Snapshots by Gloria Freeland -- Nov. 9, 2007
After spending nine hours in two cars, two planes and three airports, we were glad to arrive at our hotel in Pensacola, Florida. We were tired, but the banner stretched across the hotel signboard made us smile. It read, "Welcome 457th Bomb Group.18th Biennial Reunion." While we weren't truly members of the group, the reunion was why we were there.
The United States was not prepared when World War II began, and the first offensive military help it was able to muster to Britain was a few B-17 bombers and crews in early 1942. But that number quickly grew and two years later, the 457th's four squads began flying missions. By the war's end, they had flown 236, losing 83 aircraft in the process. Husband Art's uncle had been one of its pilots.

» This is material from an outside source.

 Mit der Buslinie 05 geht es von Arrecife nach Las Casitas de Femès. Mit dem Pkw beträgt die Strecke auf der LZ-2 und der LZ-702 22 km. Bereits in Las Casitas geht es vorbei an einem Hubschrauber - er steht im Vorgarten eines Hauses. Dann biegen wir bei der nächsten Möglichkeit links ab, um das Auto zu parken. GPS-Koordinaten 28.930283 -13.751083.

And now, these many years later, some of the fellows who flew those missions as young men in their late teens or early 20s were again gathering - this time with their wives, children, other relatives and friends.

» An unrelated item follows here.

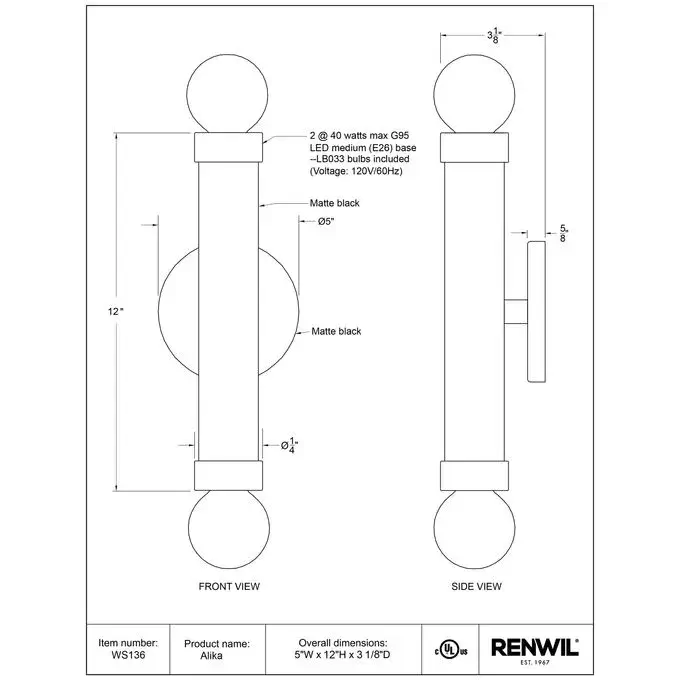 The Alika 12" Powder Coated Matte Black 2-Light Wall Sconce is the perfect lighting fixture to add a touch of elegance and modernity to any room. With its sleek design and durable construction, this sconce seamlessly connects with standard E26 sockets for easy installation. The robust iron wall canopy ensures a secure and stable fixture while supporting bulbs up to 40W, making it compatible with a wide range of lighting options. Its recommended LB033 bulb type provides a warm and inviting ambiance for any space. With hardwired installation, the Alika Wall Sconce offers reliable and integrated performance that will transform your room into a luxurious oasis.

In the days that followed, nowhere did the stories flow more freely than in the memorabilia room. It had tables along all of the walls and a double row of tables down the center. Most were covered with notebooks jammed full of documents, photos, newspaper clippings and letters - about events that took place more than 60 years ago. Each group and squad had unique patches and at one table, new ones could be purchased as souvenirs.

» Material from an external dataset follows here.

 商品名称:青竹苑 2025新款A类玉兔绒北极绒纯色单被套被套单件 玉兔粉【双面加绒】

I saw Larry McMahon paging through one of the notebooks. I had met him at the reunion in England last year. He had just discovered a picture of his crew in one of the albums. I asked what his role had been, but could have guessed by his small stature. Only small men could get into the cramped quarters the ball turret gunner had to work in.
I had seen many of the materials in England, but there were some that were new to me. One book, Nose Art, contained pictures of various items painted on the fuselage at the front of the plane. Many were just words such as "Kraut Krusher" or "Home James," but scantily-clad women were also popular with names such as "Tis Me" or "Oh, Kay!" It made me think of similar ones I had seen in my Uncle Stan's photo albums of his time in the Pacific as an aircraft mechanic.
Two other notebooks contained planning maps, indicating the location, altitude and headings during each portion of the corresponding mission. Art was going through one when one of the fellows asked, "Look up September 9, 1944. That was my first mission."
Art did and reported, "It says Ludwigshafen."
"I remember it as Mannheim," replied the soldier.
"You're right," Art answered. "The detailed report says Ludwigshafen was covered by clouds, so Mannheim was bombed instead."
Similar interactions between younger attendees and the old soldiers of the Fireball group, as the 457th was called, continued throughout the reunion. The events were capped by a closing banquet during which the gavel was passed to the new association president -- a gavel containing part of the Miss Ida, one of the planes that crashed and burned, killing all but one of its crew.
Last year Art discovered his former boss at K-State was also a pilot in the 457th. So we sat with John and his wife Mildred during the banquet, along with Clara and Mavis, the widows of John's bombardier and radio operator.
Mavis was petite with hair swept up and sparkling eyes. When the 1940s-era music began, she told me she and her husband would have been the first on the dance floor. Clara said Mavis had told her she had a notion to grab one of the guys and say, "You're not dead yet. Let's dance!" Eventually she got a dance with John.
The first 457th Bomb Group reunion was in Topeka in 1973, when most of the men were near 50. Now that most are in their 80s and older, it's not likely there will be too many more reunions. More than 40 association members have died in just the past two years, including a friend of John's whom we had spent an evening with in England.
"Old soldiers never die, they just fade away," the association president said to the assembled group, quoting from General Douglas MacArthur's farewell speech to Congress. MacArthur's phrase came from a World War I British barracks ballad, which was a parody of a 19th century gospel book.
But the men and their stories haven't faded away yet. At least for this weekend, we were privileged to be with the old soldiers and to take a sentimental journey with a few of them.